The right-hand panel also offers a search field. When the user enters a search term, that panel displays a scrollable list of matching classes in the ontology. Selecting a class from this list selects the class in the visualisation and scrolls the main OntoPlot view to make that class visible (R2). If the user ever scrolls the visualisation away from the selected node, OntoPlot shows a pulsing arrow at the edge of the view that points to the glyph for the selected class.

3.6 Focus Mode

When the user wants to focus on the associations for a particular class. They can click the button shown in the popover below the selected node.
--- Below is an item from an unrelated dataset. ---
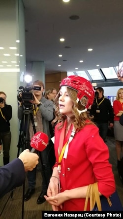 А вот представительница первоуральской прессы, она собирается задать вопрос о хоккее с мячом
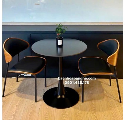 Bộ sản phẩm gồm bàn tròn mặt sơn tĩnh điện màu đen nhám kết hợp với ghế ngồi bọc nệm êm ái, khung sắt chắc chắn. Điểm nhấn nổi bật là phần lưng ghế được ốp gỗ cong tự nhiên, vừa tăng tính thẩm mỹ vừa mang lại cảm giác thoải mái khi ngồi.

This causes OntoPlot to recompute the interesting and uninteresting parts of the ontology and visually compress the uninteresting subtrees to show a view that emphasises just the selected class and other classes directly associated with that class (as shown in Figure 6). The user can interactively explore this view including expanding and collapsing subtrees. While in this mode, a dark bar is shown at the top of the interface as a reminder. A “Reset View” button is available that returns to a view of the hierarchy which shows all classes with the given association type.

4 Prototype Evaluation

We conducted a user-based evaluation of an earlier prototype version of OntoPlot. We recruited 20 participants, including 2 domain experts and 18 general users for this controlled experiment. The study design and procedure were similar to the expert user study described below. Participants performed tasks with two different sized ontologies to gauge performance at two distinct levels of difficulty; CVDO [6] (536 classes) and OCVDAE [67] (4,589 classes). Overall, the results showed that Protégé [52] slightly outperformed OntoPlot for most of the Hierarchy-related tasks on both accuracy and completion time. For Association-related tasks, OntoPlot significantly outperformed Protégé on accuracy, but the completion times using both tools were similar. The detailed results for accuracy, completion time and subjective rating of this study can be found in the supplementary materials. We don’t present details of the prototype study in this paper for several reasons; firstly, the study identified a number of issues with the OntoPlot interface which we have since addressed (again, see details in the supplementary materials), secondly, the study design had some issues (the training was inadequate and not every participant completed each task for all ontologies), and thirdly, most participants were non-expert users (which makes the results less appropriate for evaluating our original aims).

5 Expert User Evaluation

In order to determine if the design of the OntoPlot system meets our original design requirements, we conducted an expert user study with 12 new participants, all domain experts or experienced ontology users.

5.1 Study Design

In the user study, we compare OntoPlot with Protégé [52].

As mentioned in Section 2.2, several tools support the display of non-hierarchical associations alongside an ontology’s inheritance hierarchy. When considering these for our preliminary study, we encountered scalability issues with WebVOWL [44] when visualising medium to large ontologies (hundreds or thousands of classes and their associations). Jambalaya [65] and Knoocks [37] are no longer maintained and do not run. Neither OntoViewer [14] nor the multiple view tool described in [40] are publicly available.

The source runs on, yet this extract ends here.